Abstract

Our study aimed at investigating the protective effect of erythropoietin (EPO) on the spinal ischemia/reperfusion (I/R) injury in a murine model and exploring the potential mechanism. Adult male mice were subjected to spinal IR injury. The aortic arch and proximal left sub-clavianarteries were obstructed by clamping for 5 min and the animals were monitored for 48 h. The neurological function of hind limb was assessed every 12 h. In the experimental group rats (n=7) were treated with EPO 4 h pre-operation.
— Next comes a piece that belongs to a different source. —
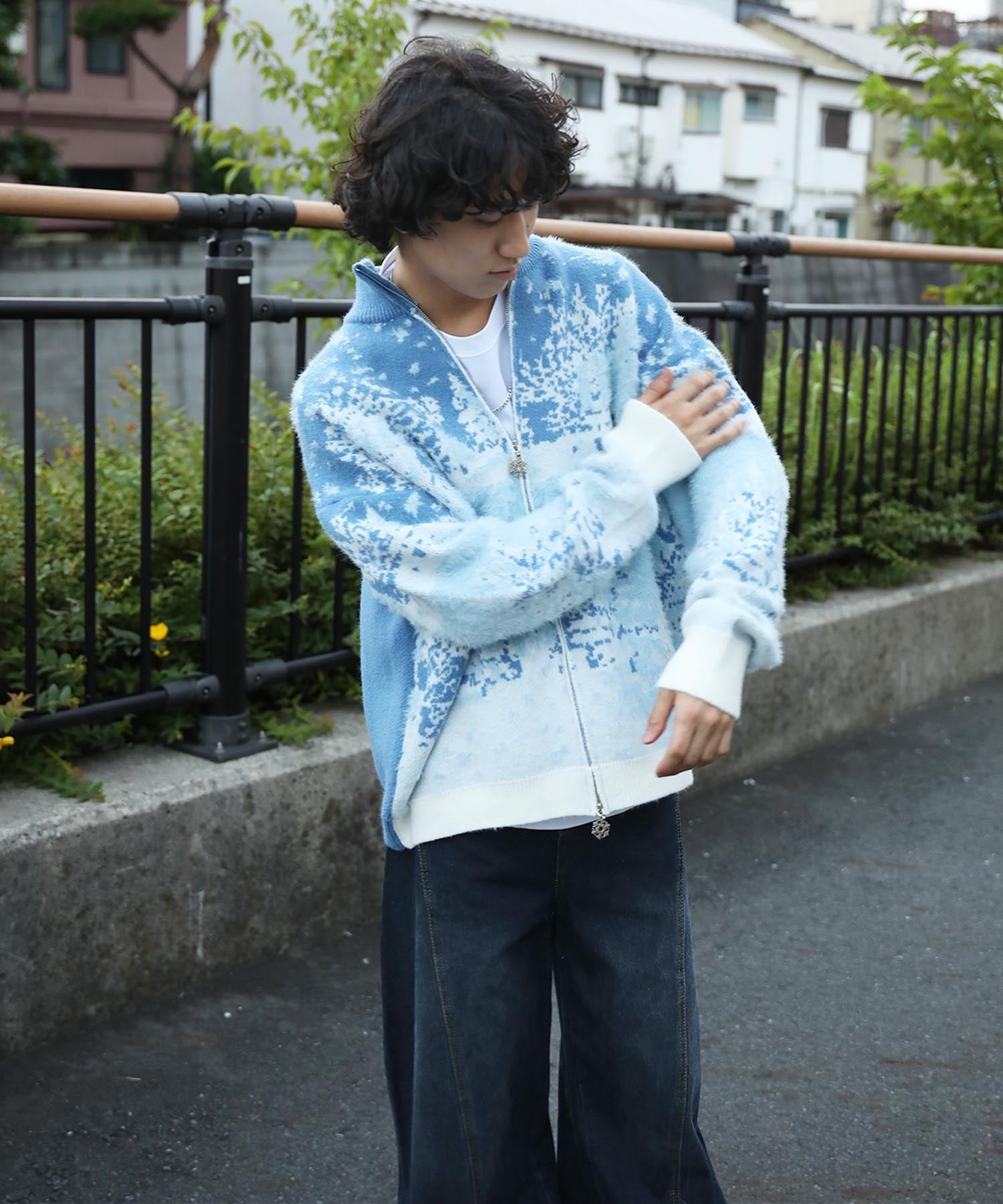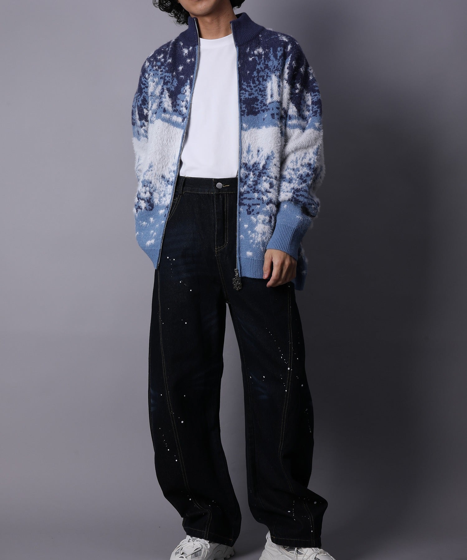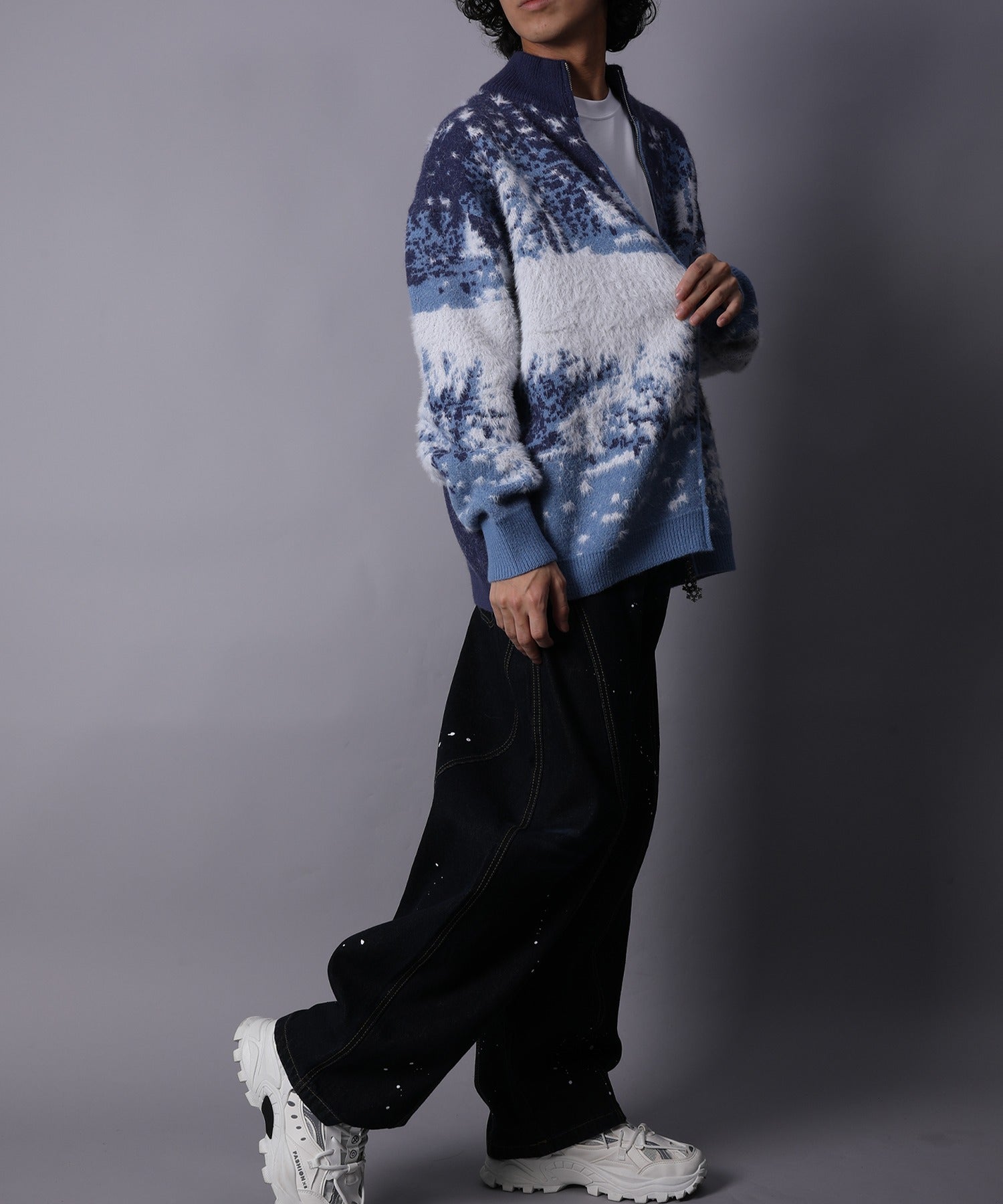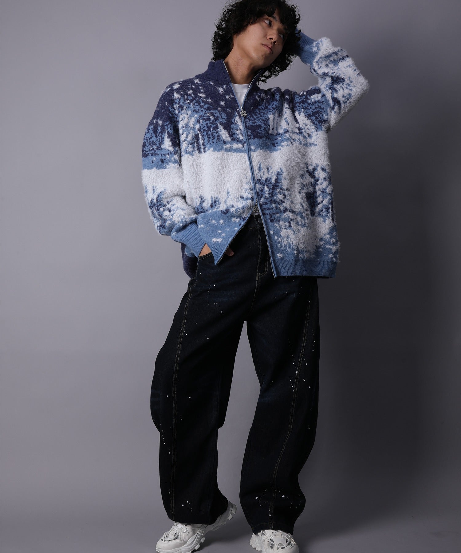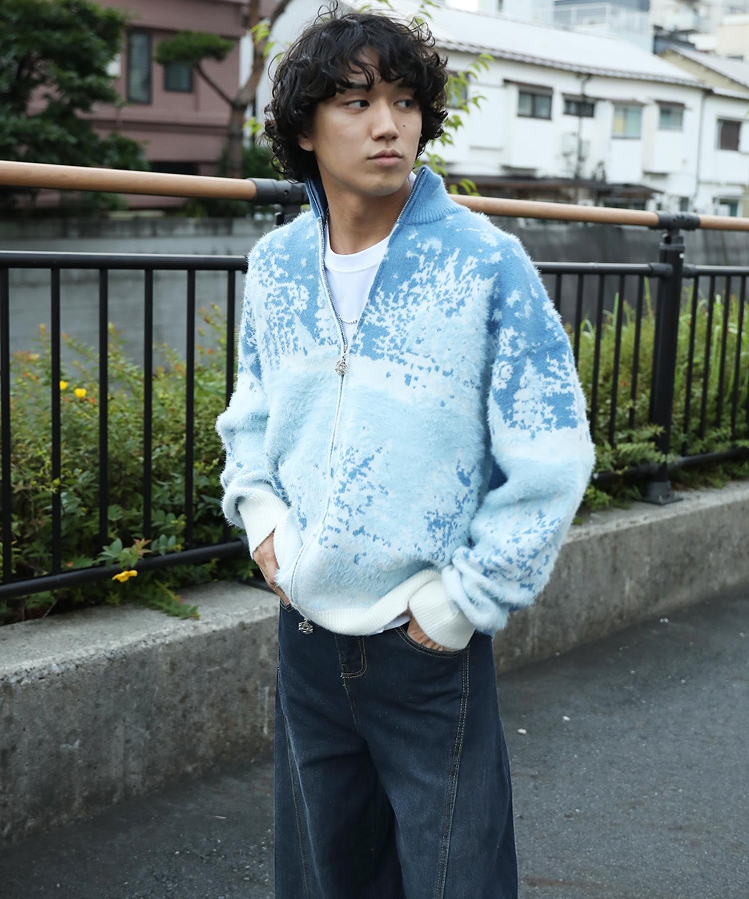 HOOK -original- 雪柄ダブルジップハイネックカーディガン

In the IR group (n=7), no EPO treatment was administered, while in the sham group, no arteries were clamped (n=6). Forty-eight hours after IR injury, thoraco-lumbar spinal cord was collected for histological analysis. The results showed that in the experimental group, the neurological function was significantly protected. Two days after injury, the rats which did not receive treatment were used for analysis. The neurological function of hind limb improved in three rats, but was not evaluated after injury. Histological examination showed that EPO treatment markedly compromised the damage to neurons. The study concluded that EPO can protect the spinal cord against IR injuries and preserve neuron phenotype.

Key words: Erythropoietin, Spinal cord, ischemia-reperfusion injury, protective effect, mechanism.